EPISODE SUMMARY:
In season 4 episode 6 of the Eudo Podcast, we explore the wonder of life. So far, we’ve explored the topics of wonder and delight and considered in detail the doctrine of creation. We’ve discussed the discarded image of our universe and now we are in the process of seeking to look with fresh eyes at the things around us, the things that God has made. We are looking at this sacramental universe that God has made, seeking to see and delight in the things of God and his works as Jesus does.
EPISODE NOTES:
Intro: “Why Did God Create Armadillos?” – Paul Gould
The universe is full of a rich diversity of amazing living creatures. This raises a question: what does it mean to be alive? What is life?
Life is something, like time or place, that we are familiar with, but it is hard to define. It is a familiar stranger, we might say. So, what is life?
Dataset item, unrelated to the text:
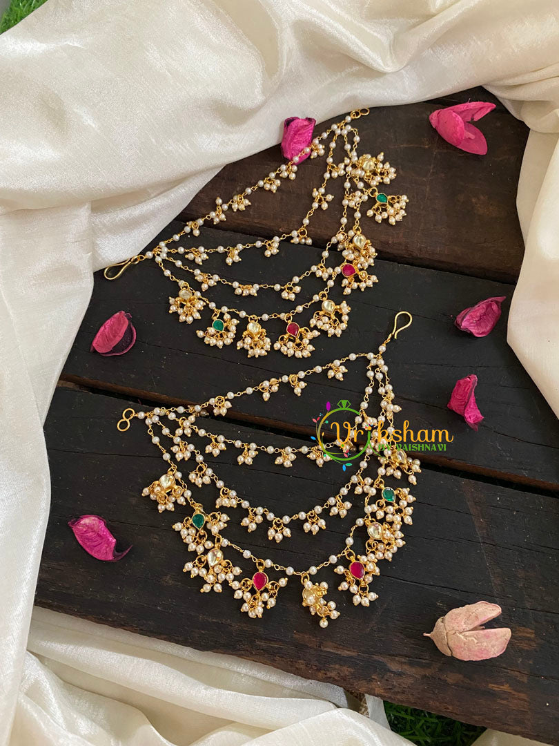 4 Layered Pearl maatil /Ear Chain-AD Stone red green and white studded in bottom row of the maatil- quality maatal with cluster pearls.

The answer to the question is this: “living things are agents of immanent causation.” What does immanent causation mean?
According to the philosopher David Oderberg, immanent causation “is causation that originates with an agent and terminates in that agent for the sake of its self-perfection” [1]. Immanent causal activity is the kind of causation that “begins with the agents and terminates in the agent for the sake of the agent.” [2]. In other words, “Living creatures do things to themselves for themselves, whereas non-living things do not” [3].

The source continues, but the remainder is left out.